I have a event table which has 40 columns and fill up to 2 billion records. In that event table i would like to query for a combination event i.e Event A with Event B. Sometimes I may want to find more combination like Event A with B and C. It may goes to 5 or 6 combination.
I don't want to scan that table for every event in combination i.e Scanning for event A and scanning for event B. And I need a generic approach for more combination scanning as well.
Note: That 2 billion records is partitioned based on event date and data is been equally split.
Eg:
Need to find id's which has event A,B,C and need to find id's which has only A,B.
This number of combination is dynamic. I don't want to scan that table for each event and finally intersect the result.

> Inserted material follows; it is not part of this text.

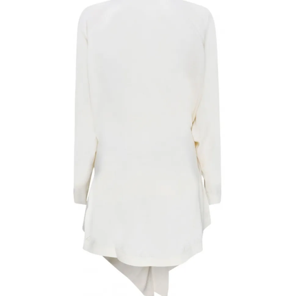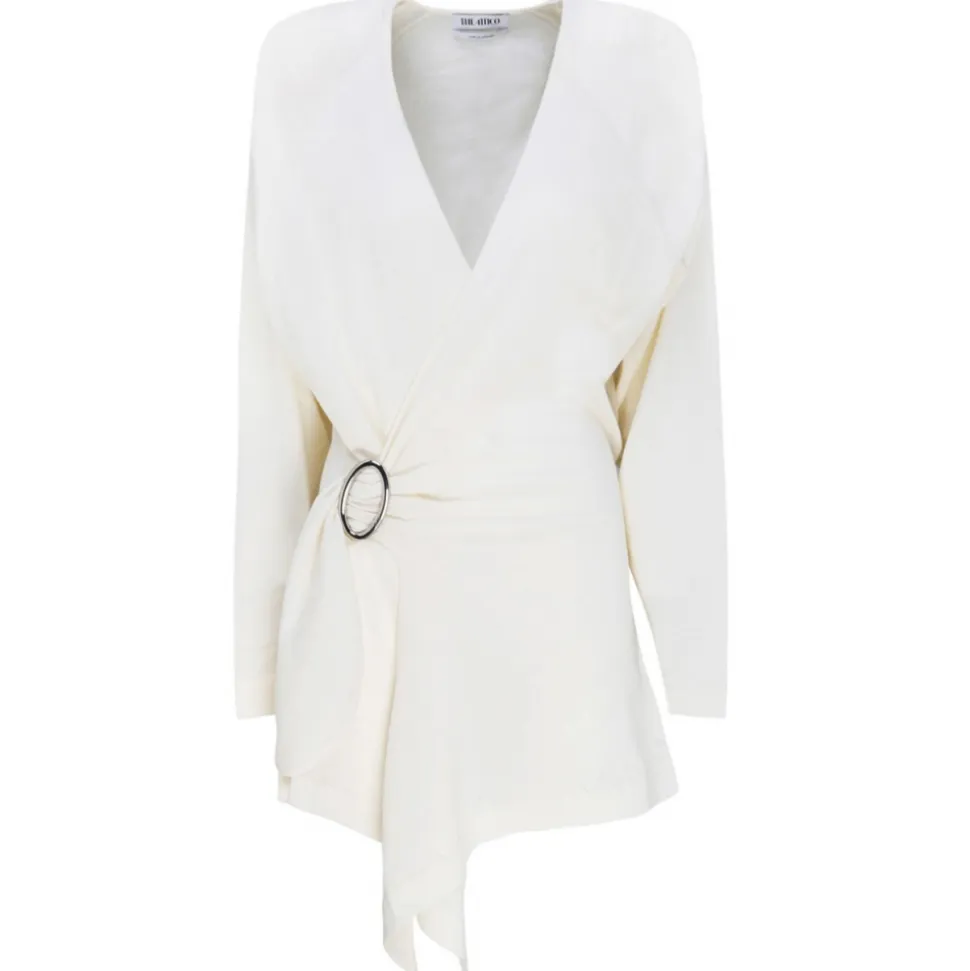 The Attico Ivory Wool Hurley Wrap Mini Dress. Ivory wool mini dress, wrap design, ring hardware detailing, V neck, long sleeves, buttoned cuffs, draped design and asymmetric hem.
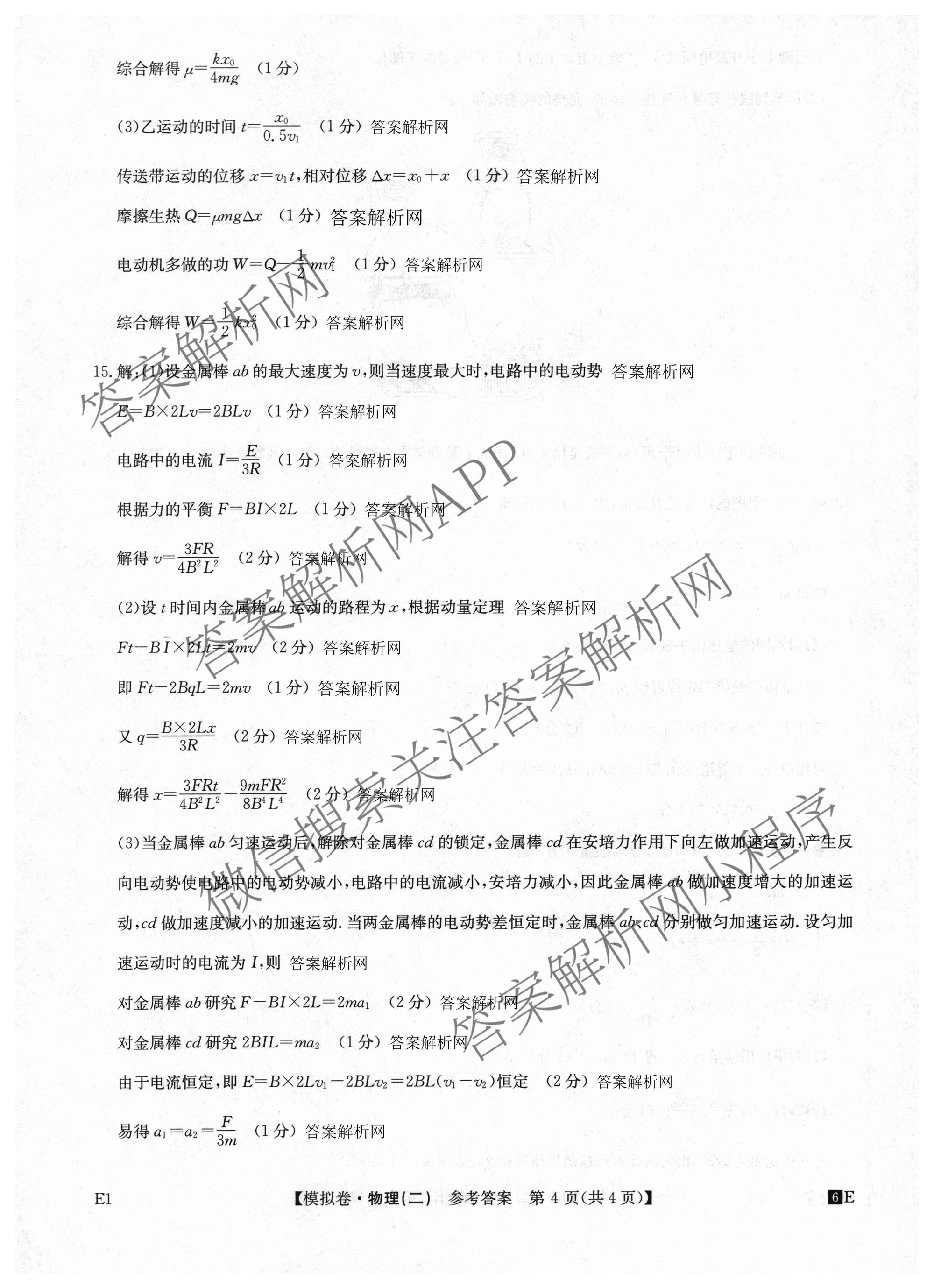 2026年普通高中学业水平选择性考试仿真模拟卷(二)2物理(E1)答案,目前衡水金卷先享题答案网已经汇总了2026年普通高中学业水平选择性考试仿真模拟卷(二)2物理(E1)答案的各科答案和试卷,获取更多全国高考仿真模拟卷答案解析,请在关注本站。

There may be some mileage in using a sql server equivalent of the mysql group_concat function. For example
drop table t
create table t (id int, dt date, event varchar(1))
insert into t values
(1,'2017-01-01','a'),(1,'2017-01-01','b'),(1,'2017-01-01','c'),(1,'2017-01-02','c'),(1,'2017-01-03','d'),
(2,'2017-02-01','a'),(2,'2017-02-01','b')
select id,
stuff(
(
select cast(',' as varchar(max)) + t1.event
from t as t1
WHERE t1.id = t.id
order by t1.id
for xml path('')
), 1, 1, '') AS groupconcat
from t
group by t.id
Results in
id groupconcat
----------- -----------
1 a,b,c,c,d
2 a,b
If you then add a patindex
select * from
(
select id,
stuff(
(
select cast(',' as varchar(max)) + t1.event
from t as t1
WHERE t1.id = t.id
order by t1.id
for xml path('')
), 1, 1, '') AS groupconcat
from t
group by t.id
) s
where patindex('a,b,c%',groupconcat) > 0
you get this
id groupconcat
----------- ------------
1 a,b,c,c,d